Exercise directions: Quote the records below in full, exactly as given, with the images taken out.

= = = = = = =

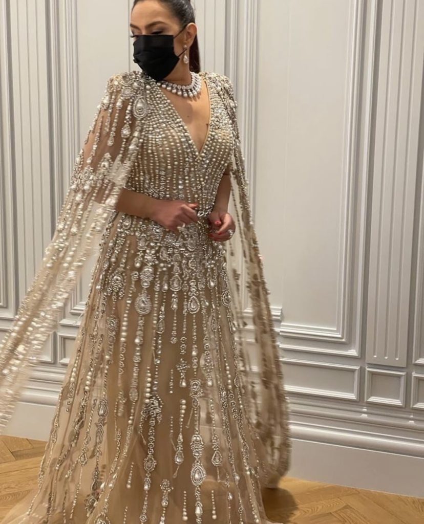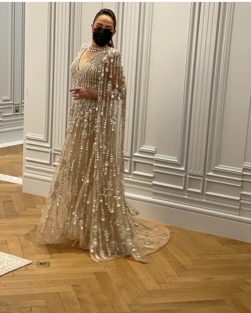 تألقت شريهان بالفستان المصنوع من الشيفون العاجي والمزيّن بتطريزات دقيقة من اللؤلؤ والكريستال وخيوط الحرير، مع أكمام واسعة وحزام ناعم أبرز خصرها. الملفت أنّ النجمة المصرية أجرت تعديلات على التصميم لجعله أكثر احتشاماً، ما يبرز ذوقها الراقي والمميز.
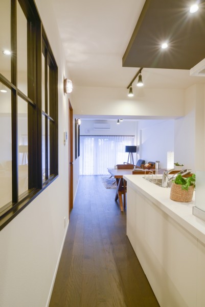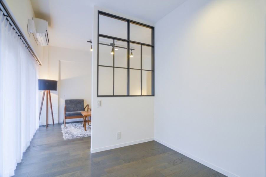 リノベーションの仕上がりも窓枠をシンプルにしあげて、華奢にみえるようなデザインにしています。
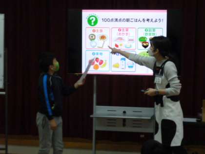管理栄養士の方に来ていただき、朝食の栄養バランスについて学習しました。
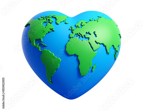 Fototapeta premium Minimalist 3D Heart Earth Icon, Smooth Blue and Green Plastic, Stylized Continents, Isolated
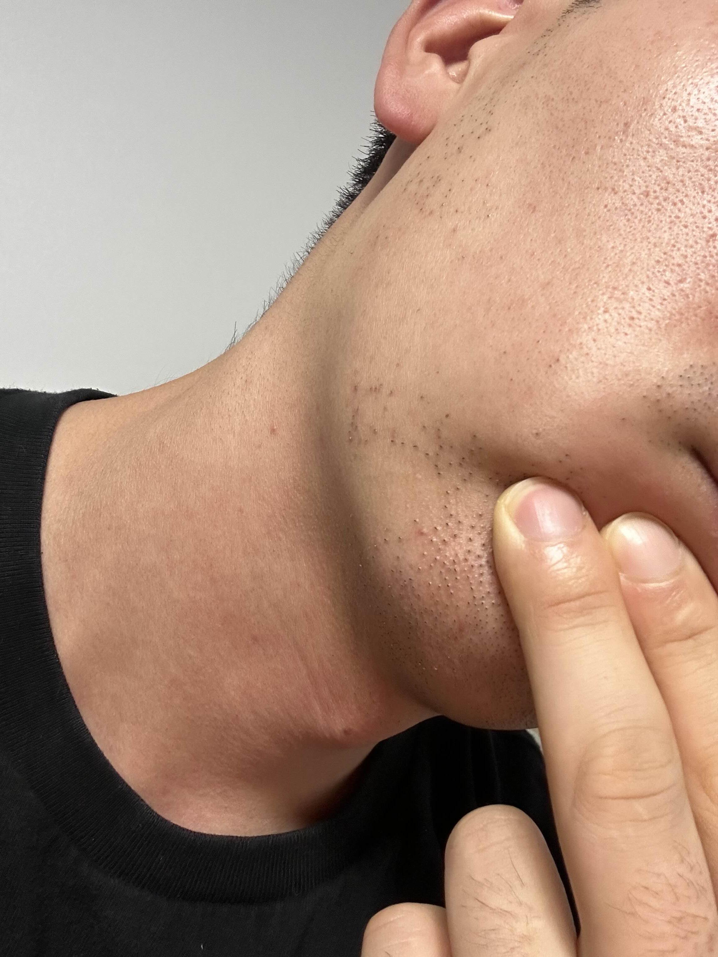 살이 그나마 있는 부위인 '턱 아래 살 있는 부분' 이 그나마 덜 아픈데..
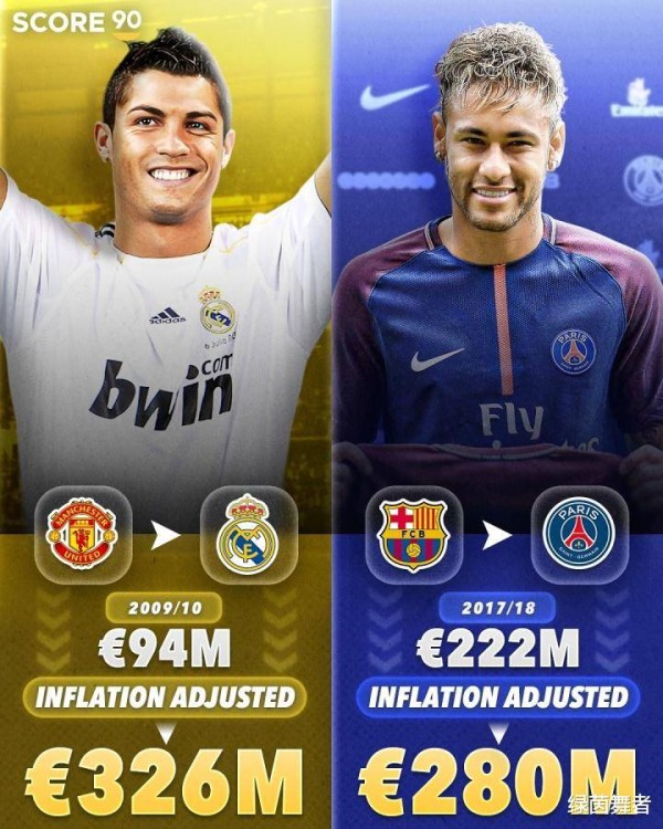 在这份榜单中,排名首位的是葡萄牙球星C罗。2009年夏天,皇马花费了9400万欧元引进这位巨星。当时的这个价格,甚至很难进入前二十,但随着通货膨胀的计算,C罗的身价瞬间飙升至3.26亿欧元,稳居所有球员榜首。

= = = = = = =

Finished exercise:
 تألقت شريهان بالفستان المصنوع من الشيفون العاجي والمزيّن بتطريزات دقيقة من اللؤلؤ والكريستال وخيوط الحرير، مع أكمام واسعة وحزام ناعم أبرز خصرها. الملفت أنّ النجمة المصرية أجرت تعديلات على التصميم لجعله أكثر احتشاماً، ما يبرز ذوقها الراقي والمميز.
 リノベーションの仕上がりも窓枠をシンプルにしあげて、華奢にみえるようなデザインにしています。
管理栄養士の方に来ていただき、朝食の栄養バランスについて学習しました。
 Fototapeta premium Minimalist 3D Heart Earth Icon, Smooth Blue and Green Plastic, Stylized Continents, Isolated
 살이 그나마 있는 부위인 '턱 아래 살 있는 부분' 이 그나마 덜 아픈데..
 在这份榜单中,排名首位的是葡萄牙球星C罗。2009年夏天,皇马花费了9400万欧元引进这位巨星。当时的这个价格,甚至很难进入前二十,但随着通货膨胀的计算,C罗的身价瞬间飙升至3.26亿欧元,稳居所有球员榜首。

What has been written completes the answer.